Князь Шварн рыдал от досады на груди у супруги. Альдона, проводя нежной ладонью по его русым волосам, вымученно улыбалась.

— Это ничего, ладо, — успокаивала она мужа. — На Руси говорят: первый блин комом. Ещё не одну битву ты выиграешь. Не один враг падёт от твоего меча.

Шварн, сдержав слёзы, ласково отстранил её и тяжело рухнул в кресло.

В палату с шумом влетела гневная Юрата.

— Всё слёзы проливаешь! — прикрикнула она на сына. — Ишь, нюни распустил! Да что ты за князь?! В монахи тебе впору идти, а не на столе галицком сиживать! Ляхов, и тех осилить не возмог! Сам, как заяц, с поля ратного сиганул, а боярина Григория, верного друга нашего, бросил! Нынче гонец был, из Перемышля. Люди Льва его полонили, выкуп требуют! Лев, Лев! Всюду он, вражина!

Она стиснула в ярости кулаки.

— Не мочно[112] так, матушка, баить. Брат он мне. Крест целовал, — пробормотал Шварн.

Юрата зло расхохоталась.

— Крест целовал?! Да такой, как он, любую роту порушит! Вот что скажу тебе, сын. Лев — самый лютый наш ворог. Лютее татарина, гаже угра! Он на стол твой метит, а ты, стойно баран, блеешь тут: брат, брат! Да хуже волка голодного он! Хворым прикидывается, а сам козни строит, крамолы супротив тебя куёт. Думаю, упредил он Болеслава о походе нашем!

— Ну, то домыслы твои, мать. — Шварн устало отмахнулся.

— Домыслы? А что люди Льва возле бранного поля деяли?! Ох, сын, сын!

Альдона, потупив взор, молчала. И неудобно было ей перечить свекрови, и боялась она вечно раздражённой, властной вдовы Даниила.

Юрата, ходя взад-вперёд по половицам, продолжала сыпать упрёки на голову сына:

— Ироем, храбром[113] прослыть порешил!
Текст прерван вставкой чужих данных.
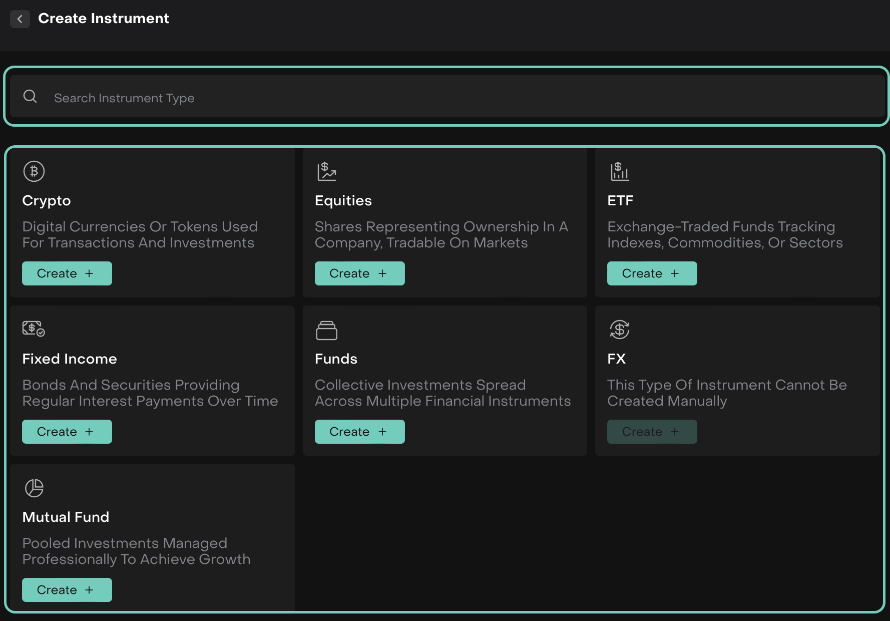 Choose the Instrument Type (e.g., Fixed Income, Certificate, Equities, Futures, Options and more).

Тьфу! Даж дозоров в поле не выставил, даж лазутчиков наперёд не послал! Охрану стана, и ту не наладил! И аще[114] б боярин Григорий не подоспел, дак, верно, и вовсе голову свою глупую сложил бы тамо али в полоне у Болеслава ныне сиживал! Взрослеть пора, не малое дитя!

— Но ведь боярин Григорий сам в плен попал, — осторожно вмешалась Альдона. — Что же корить в неудаче одного Шварна?

— Помолчала бы, невестушка! — злобно огрызнулась Юрата. — Не по твоему уму толковня! Шварн — князь! А князь за всю Землю ответ держит, за всю рать! И коли рать сгинула, то он и виновен в первую голову! Али сам сглупил, али дурных советчиков наслушался! Отец твой, Шварн, вон сколь годов со боярами крамольными ратился и с уграми, и с ляхами, и с татарами бился, а николи с поля бранного не бегал, воинов своих бросив. А ты боярина Григория яко в пасть волчью кинул!

— Да потеряли мы друг дружку в сече, — прорвался сквозь крики матери слабый голос Шварна.

Юрата, с раздражением топнув ногой, выкрикнула:

— Вот сам и поезжай топерича ко Льву в Перемышль, выручай боярина из беды! Униженье-то, униженье какое, Господи!

В отчаянии закрыв руками лицо, она стремглав выскочила из покоя.

— Как её утишить, ума не приложу, — вздохнул Шварн. — Али в самом деле ко Льву ехать?

— Нет, ладо, так не годится. Ты грамоту пошли, потребуй, чтоб отпустил Лев боярина Григория. А ехать к нему просить — токмо княжье достоинство своё умалять. Выкуп же сам за себя боярин уплатит. Чай, не беден он, — твёрдым, уверенным голосом промолвила Альдона.

Она горделиво вздёрнула голову в повойнике. Шварн с невольной улыбкой посмотрел на жену и заметил:

— Умница ты у меня, Альдона. И умница, и красавица. Тако, как ты баишь, и содею. Довольно в материной воле ходить.

Получив недобрую весть, из Новогрудка прискакал в Холм взволнованный Войшелг, всё в той же чёрной рясе поверх доспехов. Шумно ворвавшись в горницу, он обнял растроганного Шварна и любимую сестру.

— Почто меня о походе не упредил, брат?! — воскликнул он, тряся зятя за узкие плечи. — Пошли бы мы с тобою вместе, потрясли бы этих ляхов, как яблоню!

Шварн вспомнил, как боярин Григорий Васильевич долго и упрямо уговаривал его ничего не сообщать Войшелгу о готовящемся походе. Мол, ни к чему это, сами управимся. И добытое делить ни с кем не придётся. Что ж, разделили! Шварн сокрушённо вздохнул.

Нет, слабый, ничтожный он покуда князь. И самое страшное, это чувствуют и понимают все — и Лев, и Мстислав, и бояре, и Войшелг, и мать, и даже Альдона, в которой он души не чает.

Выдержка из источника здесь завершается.